Orcales Faye, Moctezuma Tan Lucy, Johnson-Hagler Meris, Suntay John Matthew, Ali Jameel, Recto Kristiene, Glenn Phelan, Pennings Pleuni
Department of Biology, San Francisco State University, San Francisco, California, United States of America.
University of California San Francisco, San Francisco, California, United States of America.
PLoS Comput Biol. 2024 Dec 30;20(12):e1012579. doi: 10.1371/journal.pcbi.1012579. eCollection 2024 Dec.

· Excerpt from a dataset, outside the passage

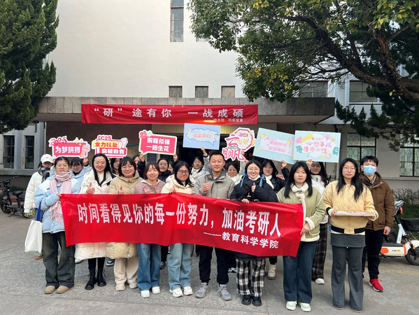 “这一路走来,有太多的汗水与坚持,但我从未想过放弃。感谢教科院的老师们一直以来的悉心指导和陪伴,让我在考研的道路上不再孤单。今天,我带着满满的信心走进考场,一定要为自己的梦想奋力一搏!”考研员工周钰瑶激动地说道。

Antibiotic resistance is a global public health concern. Bacteria have evolved resistance to most antibiotics, which means that for any given bacterial infection, the bacteria may be resistant to one or several antibiotics. It has been suggested that genomic sequencing and machine learning (ML) could make resistance testing more accurate and cost-effective. Given that ML is likely to become an ever more important tool in medicine, we believe that it is important for pre-health students and others in the life sciences to learn to use ML tools. This paper provides a step-by-step tutorial to train 4 different ML models (logistic regression, random forests, extreme gradient-boosted trees, and neural networks) to predict drug resistance for Escherichia coli isolates and to evaluate their performance using different metrics and cross-validation techniques. We also guide the user in how to load and prepare the data used for the ML models. The tutorial is accessible to beginners and does not require any software to be installed as it is based on Google Colab notebooks and provides a basic understanding of the different ML models. The tutorial can be used in undergraduate and graduate classes for students in Biology, Public Health, Computer Science, or related fields.
抗生素耐药性是一个全球公共卫生问题。细菌已经对大多数抗生素产生了耐药性,这意味着对于任何特定的细菌感染,细菌可能对一种或几种抗生素耐药。有人提出,基因组测序和机器学习(ML)可以使耐药性检测更准确且更具成本效益。鉴于ML可能会成为医学中越来越重要的工具,我们认为对于健康预科学生和生命科学领域的其他人来说,学习使用ML工具很重要。本文提供了一个循序渐进的教程,用于训练4种不同的ML模型(逻辑回归、随机森林、极端梯度提升树和神经网络)来预测大肠杆菌分离株的耐药性,并使用不同的指标和交叉验证技术评估它们的性能。我们还指导用户如何加载和准备用于ML模型的数据。初学者可以使用该教程,并且不需要安装任何软件,因为它基于谷歌Colab笔记本,并且提供了对不同ML模型的基本理解。该教程可用于生物学、公共卫生、计算机科学或相关领域的本科和研究生课程。